Exercise: Leave out the pictures and print the rest of the entries exactly as they stand.

The data:
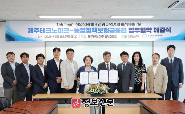 제주테크노파크(원장 지영흔, 제주TP)와 농업정책보험금융원(원장 서해동, 농금원)은 26일 오전 제주벤처마루에서 지속 가능한 창업생태계 조성과 지역경제 활성화를 위한 업무협약을 체결했다.
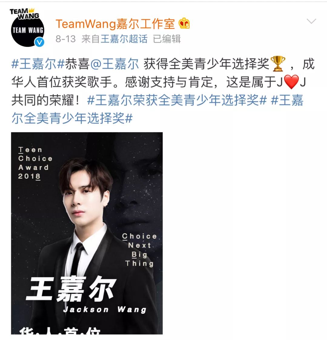今年8月,工作室宣布王嘉尔获得全美青少年选择奖,成为华人首位获奖歌手,这无疑不是对他歌手身份的最佳认证,以及各大榜单的排名都是对他作为音乐人的认可
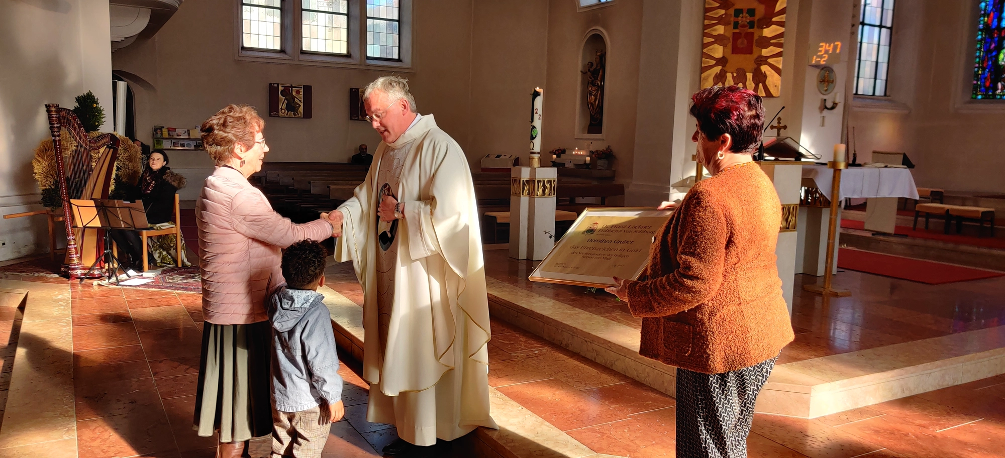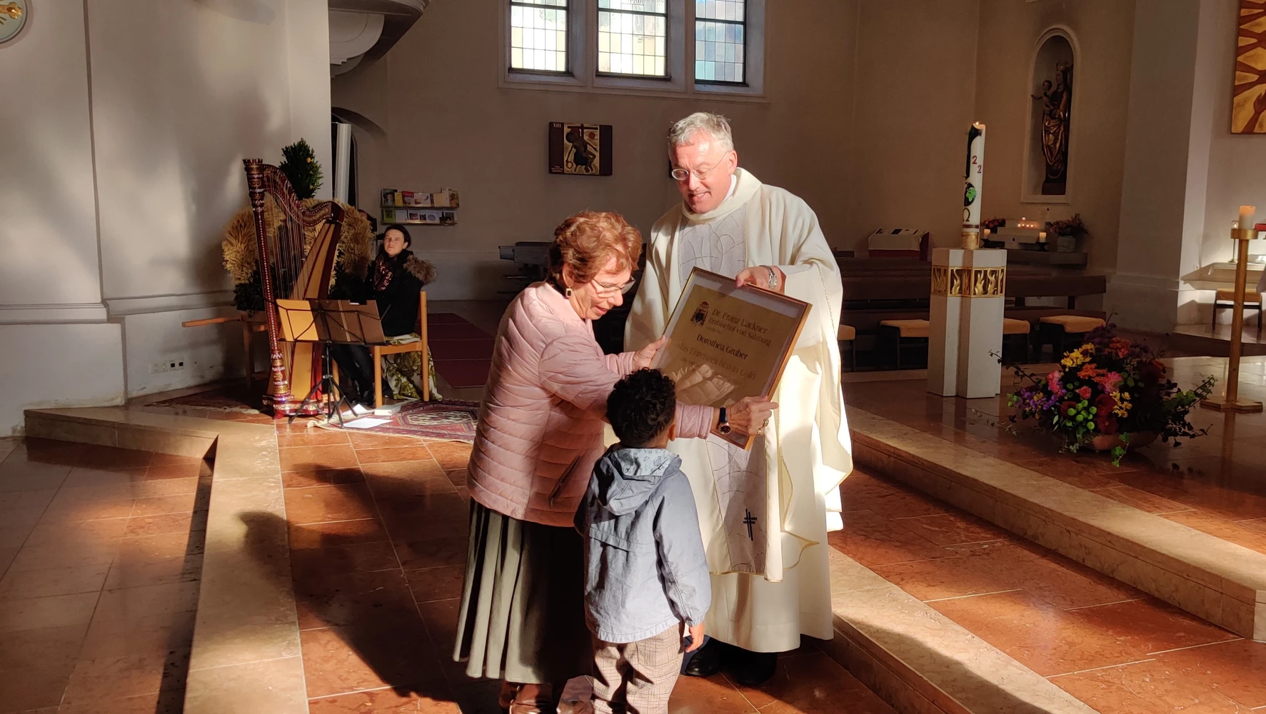In den Dankesworten von PGR-Obmann Heinz Werlberger, die von Pfr. Christian Hauser aufgrund der krankheitsbedingten Abwesenheit des PGR-Obmanns vorgetragen wurden, wurde das jahrzehntelange Engagement Thea Grubers hervorgehoben. Als Gründungsmitglied der kfb Wörgl trug sie wesentlich dazu bei, dass Frauen mit ihren Anliegen ein Raum gegeben wurde, um sich in der Kirche und darüber hinaus von einer von Männer dominierten Welt emanzipieren zu können. 1965 - Gründungsjahr der kfb Wörgl - war dies noch keine Selbstverständlichkeit. Umso höher muss diese Initiative auch gewürdigt werden. Für dieses Engagement wurde Thea 2019 die Verdienstmedaille des Landes Tirol verliehen.
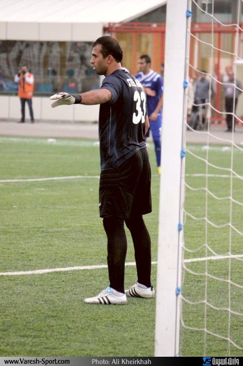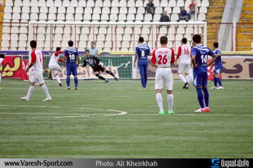 لحظه مهار ضربه پنالتی گهر توسط حسن رودباریان دروازه بان داماش گیلان
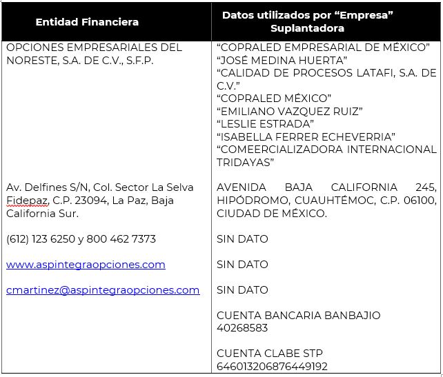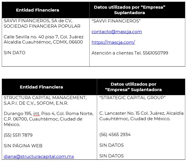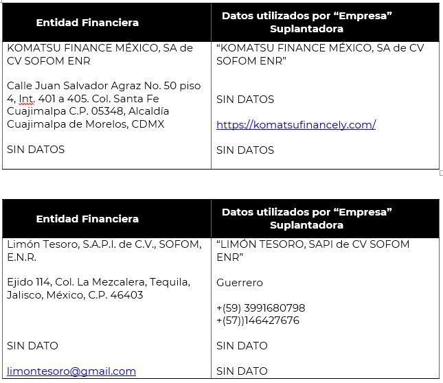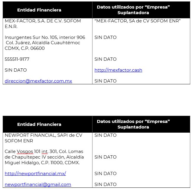 Al mes de abril de 2024 esta Comisión Nacional contaba con reportes de 59 instituciones financieras que habían sido afectadas por la suplantación o uso indebido y sin autorización de su nombre comercial, denominación, logo e incluso de algunos de sus datos fiscales o administrativos, a las que ahora se suman las 49 instituciones, de las cuales 41 entidades son SOFOM, E.N.R., dos Sociedades Cooperativas de Ahorro y Préstamo, otras 2 Sociedades Financieras Populares, una Afore, una Institución de Seguros, una Institución de Financiamiento Colectivo y otra más de Fianzas, mismas que se detallan a continuación:
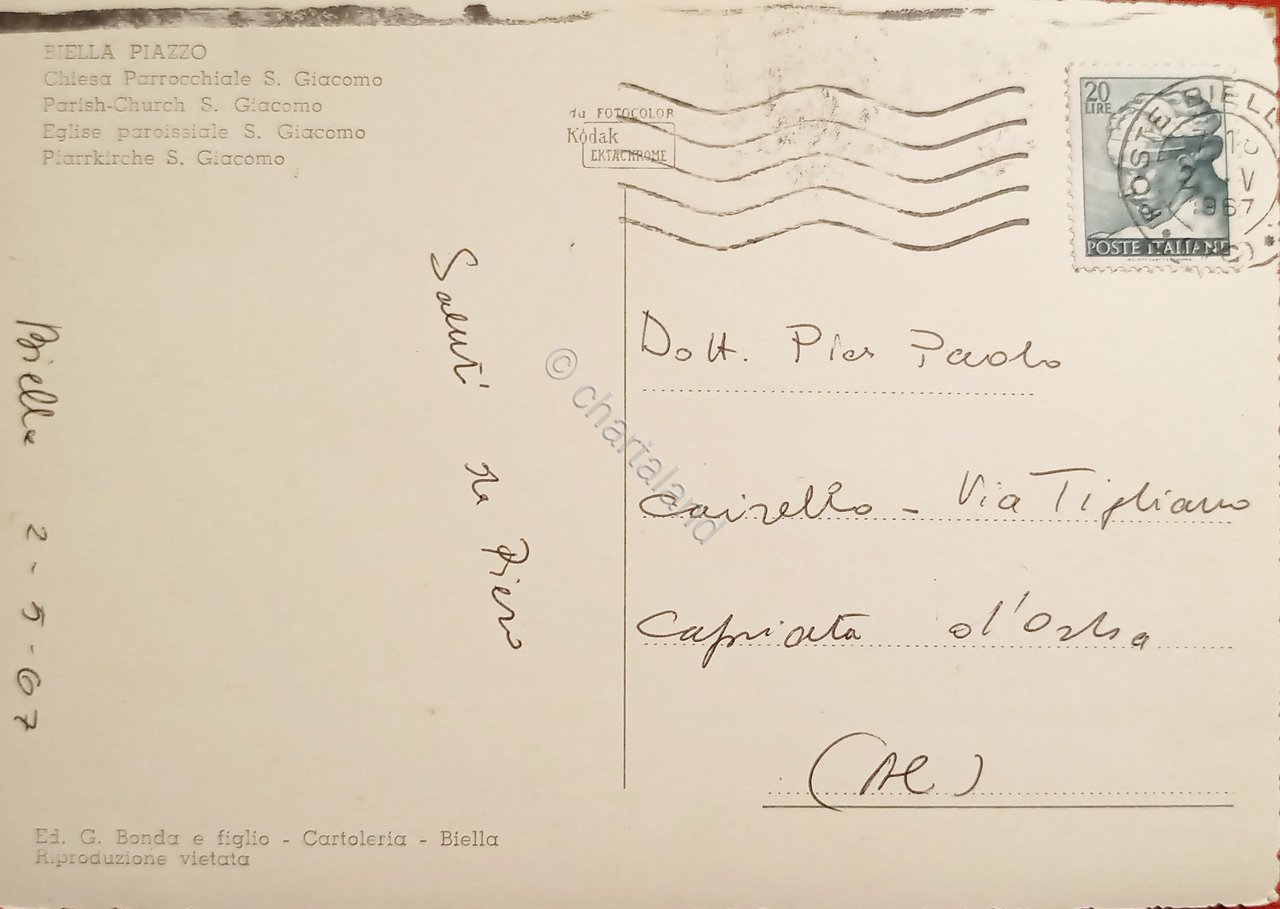 Cartolina - Biella Piazzo - Chiesa Parrocchiale S. Giacomo - 1967 | Cartoline |
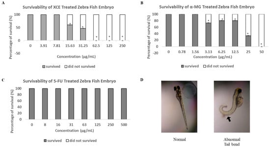 The toxicity of (A) XCE, (B) α-MG, and (C) 5-FU on zebrafish embryos. Experiments were statistically analyzed using two-tailed Student’s t-test. Asterisk (*) shows the significant (p < 0.05) difference between the treatment group and the untreated group (the concentration of 0 μg/mL of the compound or extract). All experiments were repeated five times. (D) shows the representative image of tail-bend malformation of embryos (arrow) treated with α-MG. No XCE and 5-FU treated embryos were found to exhibit any malformation.
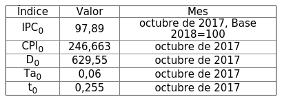En la fórmula de indexación antes indicada, la definición de los índices y de los valores base correspondientes son los siguientes:
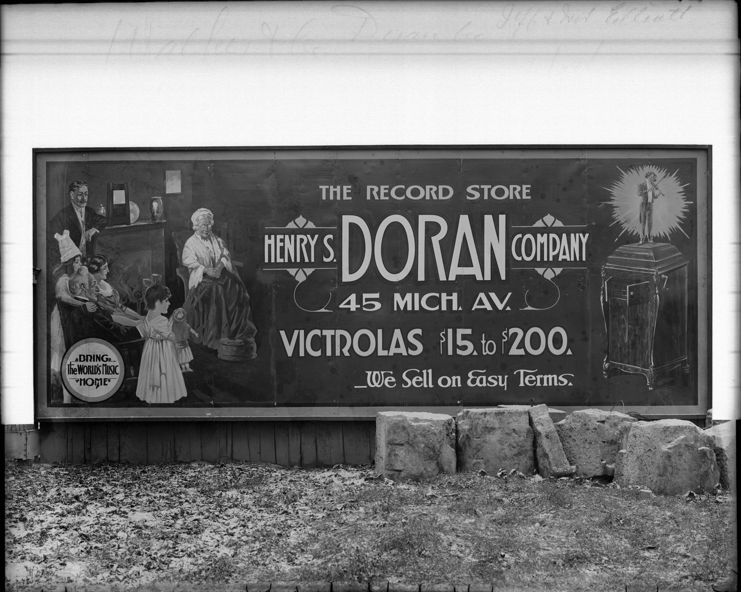 Billboard advertising Henry S. Doran Company; billboard depicts a family listening to a record player or phonograph; on sign: "The record store, Henry S. Doran Company, 45 Mich Av., Victrolas $15 to $200, we sell on easy terms." Recorded in glass negative ledger: "D/Industries & business houses-Doran, Henry S., Co."
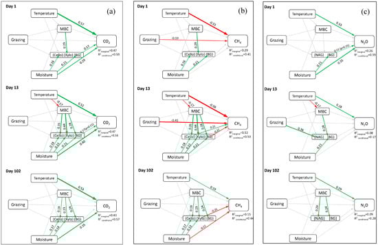 The use of SEM evaluating CO2, CH4, and N2O responses to the grazing regime, temperature, and moisture conditions during incubation, as well as the associated MBC and EEA levels, revealed marked differences among GHGs, and the sampling times during incubation (Figure 3; Table S2).

Final answer:
 제주테크노파크(원장 지영흔, 제주TP)와 농업정책보험금융원(원장 서해동, 농금원)은 26일 오전 제주벤처마루에서 지속 가능한 창업생태계 조성과 지역경제 활성화를 위한 업무협약을 체결했다.
今年8月,工作室宣布王嘉尔获得全美青少年选择奖,成为华人首位获奖歌手,这无疑不是对他歌手身份的最佳认证,以及各大榜单的排名都是对他作为音乐人的认可
In den Dankesworten von PGR-Obmann Heinz Werlberger, die von Pfr. Christian Hauser aufgrund der krankheitsbedingten Abwesenheit des PGR-Obmanns vorgetragen wurden, wurde das jahrzehntelange Engagement Thea Grubers hervorgehoben. Als Gründungsmitglied der kfb Wörgl trug sie wesentlich dazu bei, dass Frauen mit ihren Anliegen ein Raum gegeben wurde, um sich in der Kirche und darüber hinaus von einer von Männer dominierten Welt emanzipieren zu können. 1965 - Gründungsjahr der kfb Wörgl - war dies noch keine Selbstverständlichkeit. Umso höher muss diese Initiative auch gewürdigt werden. Für dieses Engagement wurde Thea 2019 die Verdienstmedaille des Landes Tirol verliehen.
 لحظه مهار ضربه پنالتی گهر توسط حسن رودباریان دروازه بان داماش گیلان
 Al mes de abril de 2024 esta Comisión Nacional contaba con reportes de 59 instituciones financieras que habían sido afectadas por la suplantación o uso indebido y sin autorización de su nombre comercial, denominación, logo e incluso de algunos de sus datos fiscales o administrativos, a las que ahora se suman las 49 instituciones, de las cuales 41 entidades son SOFOM, E.N.R., dos Sociedades Cooperativas de Ahorro y Préstamo, otras 2 Sociedades Financieras Populares, una Afore, una Institución de Seguros, una Institución de Financiamiento Colectivo y otra más de Fianzas, mismas que se detallan a continuación:
 Cartolina - Biella Piazzo - Chiesa Parrocchiale S. Giacomo - 1967 | Cartoline |
 The toxicity of (A) XCE, (B) α-MG, and (C) 5-FU on zebrafish embryos. Experiments were statistically analyzed using two-tailed Student’s t-test. Asterisk (*) shows the significant (p < 0.05) difference between the treatment group and the untreated group (the concentration of 0 μg/mL of the compound or extract). All experiments were repeated five times. (D) shows the representative image of tail-bend malformation of embryos (arrow) treated with α-MG. No XCE and 5-FU treated embryos were found to exhibit any malformation.
En la fórmula de indexación antes indicada, la definición de los índices y de los valores base correspondientes son los siguientes:
 Billboard advertising Henry S. Doran Company; billboard depicts a family listening to a record player or phonograph; on sign: "The record store, Henry S. Doran Company, 45 Mich Av., Victrolas $15 to $200, we sell on easy terms." Recorded in glass negative ledger: "D/Industries & business houses-Doran, Henry S., Co."
 The use of SEM evaluating CO2, CH4, and N2O responses to the grazing regime, temperature, and moisture conditions during incubation, as well as the associated MBC and EEA levels, revealed marked differences among GHGs, and the sampling times during incubation (Figure 3; Table S2).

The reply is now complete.